This is a great little book. It arrived in my mail a year ago, and I
failed to read it as promptly as I now wish I had. The cover bears
a statement from Publishers Weekly claiming that the book is
"A splendid introduction for the lay reader". I would modify that to
read "...for anyone". I consider myself to be a seasoned professional
geologist by now, having taught physical and historical geology for
nearly twenty years. Still, I found this book to be very engaging.
I actually substituted it for the fiction that I oftentimes read
in the evenings because A Short History of Planet Earth reads like
something new and fresh. It will certainly appear on my adoption list,
particularly for courses that we teach for earth science teachers.
The book's attractiveness comes from Macdougall's ability to
write as though he were speaking to the reader. This conversational
style leads one to the inevitable conclusion that "This is really
pretty neat stuff!" The content covers the whole spectrum of
Earth's history and is styled after such historical geology
texts as Wicander and Monroe's Historical Geology or Dott and
Prothero's Evolution of the Earth. Macdougall actually
borrows an illustration or two from the latter, but he carefully
avoids mimicking it. There is a review of the history of geological
thought (Chapter 1, "Reading the Rocks"), and then a sequence of
chapters that treat everything from Precambrian history (Chapter 2,
"Early Days") to a philosophical discussion of what is likely to
happen on Earth now that humans and the Great Ice Age have had
their opportunities to shape its surface (Chapter
13, "What Comes Next? Geology and Man"). The author even nods
in the direction of palynology on a couple of occasions, and
gives fossil pollen and spores recognition as significant
tools in understanding the K-T extinctions and Pleistocene
climate changes.
Three chapters seemed to me to be especially good. Chapter 2,
"Early Days", provides an unusually clear discussion of radiometric
dating, and, particularly, the significance of zircons in
determining the age and location of the first fragments of
continental crust. I wonder at these refractory little white
grains whenever I see them in concentrations of Georgia's beaches.
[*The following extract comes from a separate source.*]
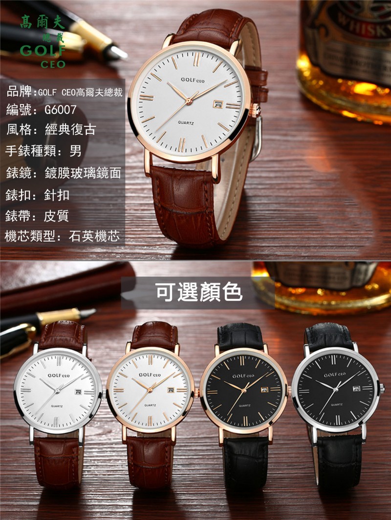 » GOLF CEO高尔夫总裁 G6007男士经典复古石英表

They have many stories to tell, and are too often overlooked
by geologists. In Chapter 3, "Wonderful Life", Macdougall
seriously questions the validity of the Miller-Urey experiment,
stating that "In a carbon dioxide-rich atmosphere, the Miller-Urey electrical
discharge method for creating amino acids doesn't work". I don't
know how many times I have faithfully taught my students that the
famous amino acid
experiment successfully models the early planet, but apparently
I need to learn more about this. Finally, Chapter 9, "From Pangea to
(Almost) the Modern World: The Mesozoic Era", includes a very
interesting and well-explained history of accretion in western
North America during the Mesozoic, and a clear description of
what geological signatures accompany rifting (salt beds, volcanic
deposits, conglomerates, etc.)
I found only a few errors in this otherwise excellent book.
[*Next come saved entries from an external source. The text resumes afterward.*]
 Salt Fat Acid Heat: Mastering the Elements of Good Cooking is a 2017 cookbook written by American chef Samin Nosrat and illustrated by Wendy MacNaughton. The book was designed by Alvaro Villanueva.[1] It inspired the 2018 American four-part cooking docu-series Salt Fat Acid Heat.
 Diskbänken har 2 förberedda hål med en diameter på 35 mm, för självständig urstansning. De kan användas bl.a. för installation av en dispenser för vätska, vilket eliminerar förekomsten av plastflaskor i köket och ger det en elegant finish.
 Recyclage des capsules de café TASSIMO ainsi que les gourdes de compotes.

In Chapter 9, for example, Tyrannosaurus is referred to as the
Jurassic "king of the beasts"; doubtless even Macdougall has been
adversely affected by the hyperbole associated with Jurassic Park.
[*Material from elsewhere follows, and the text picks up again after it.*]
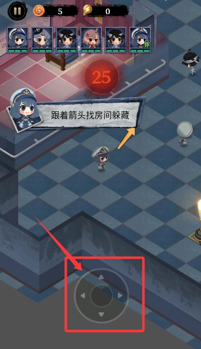 2、利用左下角虚拟摇杆灵活移动角色,跟随指引箭头快速寻找安全藏身之处。

Macdougall won me as a disciple as I read Chapter 12, "The
Great Ice Age". There the author describes climate modelling
and then observes that "Ultimately, information from the
earth itself, the record in the rocks
reflecting the actual climate changes that occurred, is the
standard against which these theoretical treatments must be
judged". Models are only models; they are not truth. The
only true history lies within the Earth itself, and J. D. Macdougall
does a mighty good job of describing it.